Cash-out refinancing compares with traditional refinancing, which replaces an existing mortgage with one for the same balance.
Under the new policy, the cash-out refinance cap would be lowered to 80 percent of a property's value, down from 85 percent.
“We are taking another important step to support sustainable homeownership that builds wealth for families,” Federal Housing Commissioner Brian Montgomery said in a statement. “This is a prudent measure to make certain that we protect and preserve the home equity borrowers are building for their futures and guard against taxpayer losses from the FHA program.”
The policy will be effective for loans with case numbers assigned on or after Sept. 1. It lines up with Fannie Mae and Freddie Mac’s policy.
The agency noted it last adjusted the amounts borrowers were able to take out in cash on the value of their home in 2009, to 85 percent from 95 percent.
During a time of home appreciation prior to the housing market collapse, many people turned to cash-out refinances. However, when home prices fell, they were left with negative equity – and some defaulted.
According to government data, cash-out refinances represent 64 percent of all FHA-insured refinance transactions – their numbers not only large, but growing. They increased to 150,883 in fiscal 2018, up from 43,052 in fiscal 2013.
Meanwhile, home prices have been on the rise. The median existing home price reached an all-time high of $285,700 in June – up 4.8 percent year over year.
As previously reported by FOX Business, homeowners had more than $5.8 trillion in equity – which is not only a record amount but also more than double levels seen in 2011 and 2012. "Tappable" equity grew 7 percent in the first quarter alone, driven in part by rising home prices.
This isn’t the first housing change the administration has announced throughout recent weeks.

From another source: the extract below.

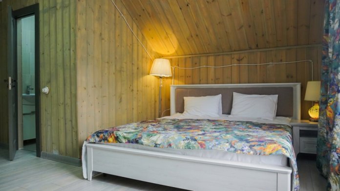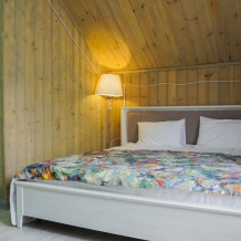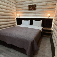 Номер в лесу в отдельно стоящем срубовом доме площадью 22 кв.м. с широкой двуспальной кроватью King-size, идеально вписанный в окружающий ландшафт, оформленный в стиле современного горного шале из натуральных материалов, с природными элементами декора.

Last month the administration announced that it did not intend to renew a temporary provision whereby Fannie Mae and Freddie Mac were able to work with riskier borrowers.
The so-called “GSE Patch” was created in the wake of the financial crisis, as a temporary way to allow American borrowers with higher levels of debt to access credit.
The rule is scheduled to expire January 2021, or when Fannie and Freddie are no longer under conservatorship.